In the material below, find the line with "Hyper has started" and the line with "Diese elegante, moderne", then output those two lines and every line between them, exactly.

Supplied material »
---

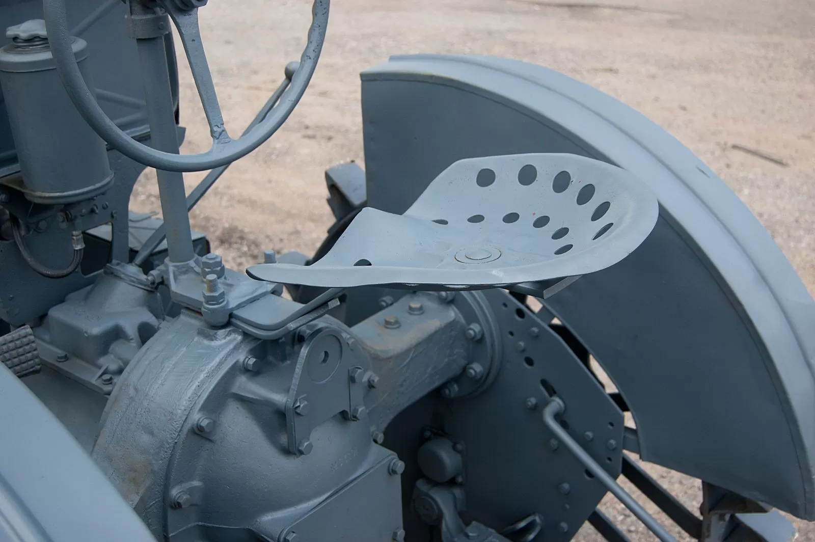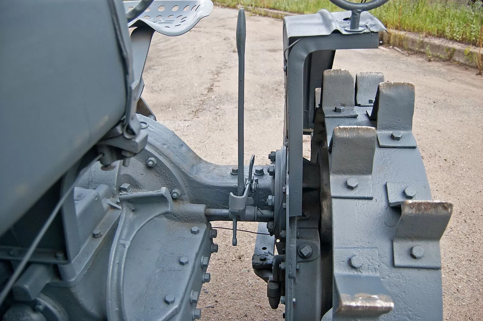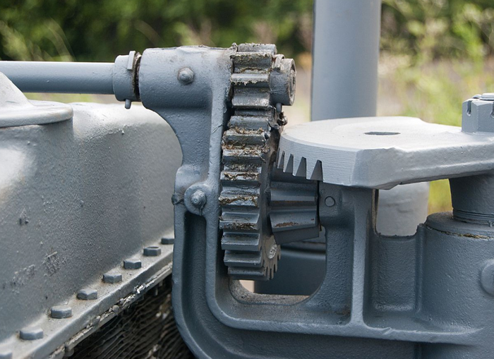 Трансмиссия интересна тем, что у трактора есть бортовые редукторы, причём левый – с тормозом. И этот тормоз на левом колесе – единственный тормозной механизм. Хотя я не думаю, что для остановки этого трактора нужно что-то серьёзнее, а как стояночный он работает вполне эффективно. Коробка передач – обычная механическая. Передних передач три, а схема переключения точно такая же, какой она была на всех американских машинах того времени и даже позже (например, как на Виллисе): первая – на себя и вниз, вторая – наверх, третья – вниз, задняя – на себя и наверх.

---

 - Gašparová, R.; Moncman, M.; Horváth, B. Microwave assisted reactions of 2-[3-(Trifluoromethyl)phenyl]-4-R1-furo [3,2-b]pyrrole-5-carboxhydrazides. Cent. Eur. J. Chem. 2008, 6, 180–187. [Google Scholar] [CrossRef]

---

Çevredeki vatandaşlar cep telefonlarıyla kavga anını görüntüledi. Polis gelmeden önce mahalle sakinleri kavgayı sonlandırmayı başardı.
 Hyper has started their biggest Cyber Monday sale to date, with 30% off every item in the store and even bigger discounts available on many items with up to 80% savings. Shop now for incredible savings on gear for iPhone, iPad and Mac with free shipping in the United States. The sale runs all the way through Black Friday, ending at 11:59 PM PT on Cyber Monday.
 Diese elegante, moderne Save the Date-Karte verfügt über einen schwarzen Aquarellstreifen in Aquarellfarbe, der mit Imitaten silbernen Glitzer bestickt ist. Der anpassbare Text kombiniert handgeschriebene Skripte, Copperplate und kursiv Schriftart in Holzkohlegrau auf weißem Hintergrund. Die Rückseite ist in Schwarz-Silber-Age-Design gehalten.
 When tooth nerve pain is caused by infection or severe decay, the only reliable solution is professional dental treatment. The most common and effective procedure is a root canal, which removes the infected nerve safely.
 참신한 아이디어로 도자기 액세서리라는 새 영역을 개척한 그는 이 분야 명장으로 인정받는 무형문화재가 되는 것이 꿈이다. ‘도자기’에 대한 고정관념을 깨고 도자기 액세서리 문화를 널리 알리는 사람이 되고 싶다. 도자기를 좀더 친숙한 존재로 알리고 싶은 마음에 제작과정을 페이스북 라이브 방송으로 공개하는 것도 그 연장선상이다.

---

Written reply »
 Hyper has started their biggest Cyber Monday sale to date, with 30% off every item in the store and even bigger discounts available on many items with up to 80% savings. Shop now for incredible savings on gear for iPhone, iPad and Mac with free shipping in the United States. The sale runs all the way through Black Friday, ending at 11:59 PM PT on Cyber Monday.
 Diese elegante, moderne Save the Date-Karte verfügt über einen schwarzen Aquarellstreifen in Aquarellfarbe, der mit Imitaten silbernen Glitzer bestickt ist. Der anpassbare Text kombiniert handgeschriebene Skripte, Copperplate und kursiv Schriftart in Holzkohlegrau auf weißem Hintergrund. Die Rückseite ist in Schwarz-Silber-Age-Design gehalten.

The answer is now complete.